▸ **What to do**
Every picture is to be removed, and all the data is to be copied exactly.

▸ **Supplied material**

--------------------

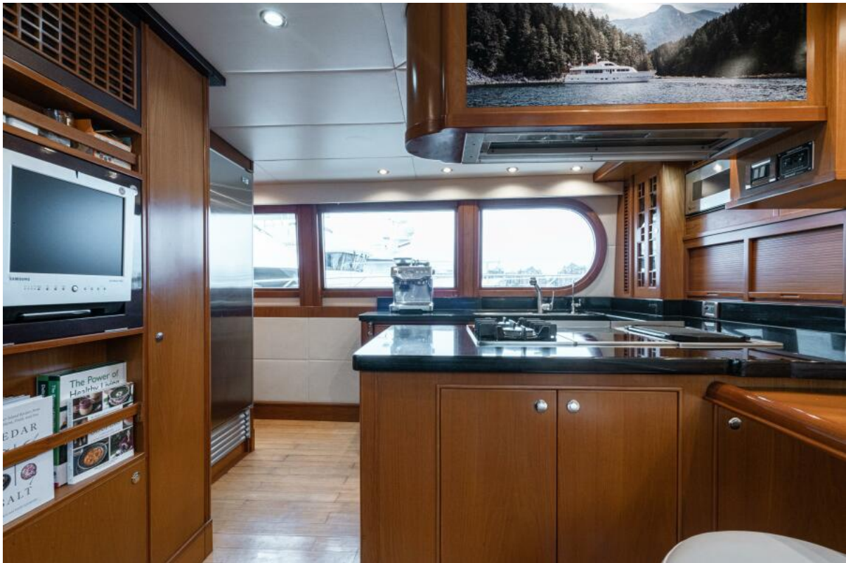
Informal Dining Area & Galley Informal Dining Area & Galley
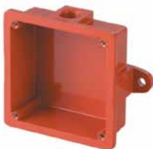
Weatherproof 4" Square Outlet Box
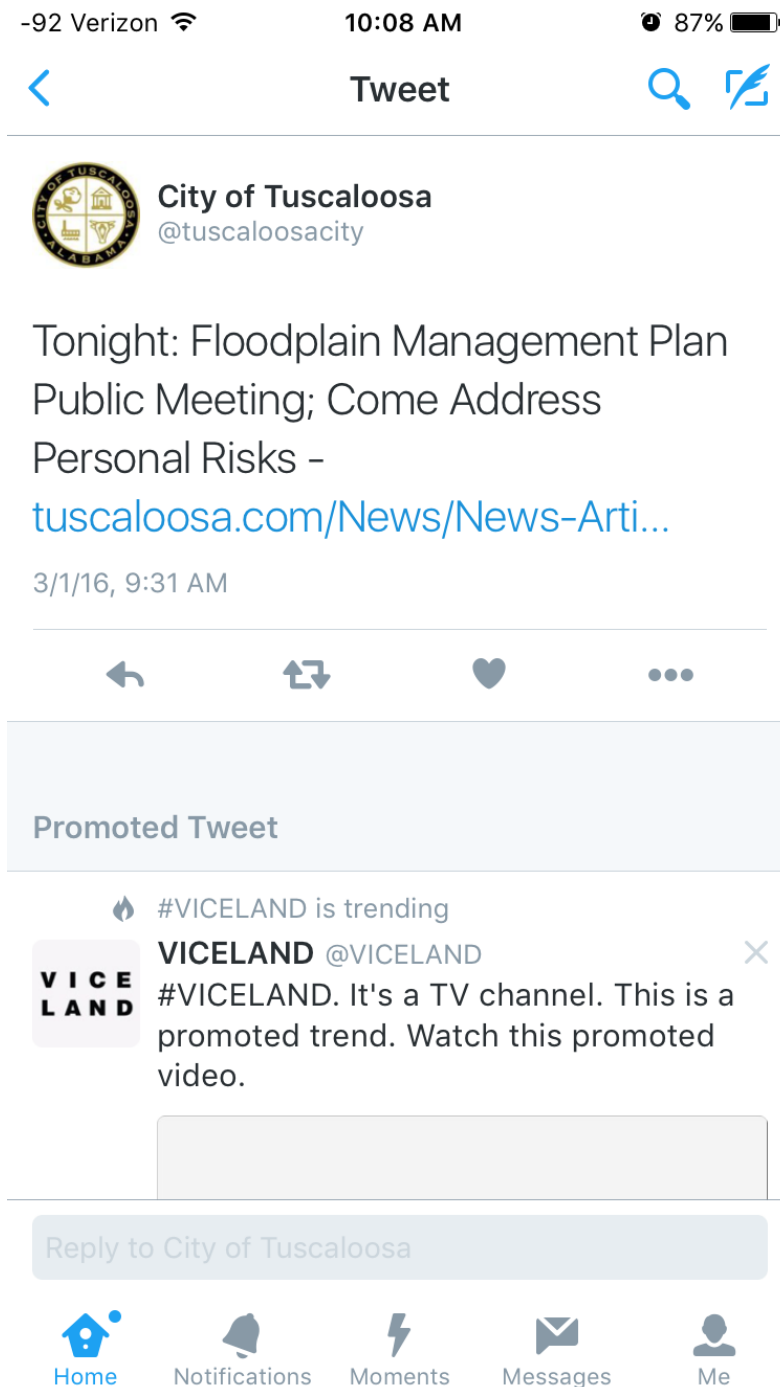
Figure F-8. Twitter Feed Image Announcing the March 2016 Community Meeting

--------------------

▸ **Written response**
Informal Dining Area & Galley Informal Dining Area & Galley
Weatherproof 4" Square Outlet Box
Figure F-8. Twitter Feed Image Announcing the March 2016 Community Meeting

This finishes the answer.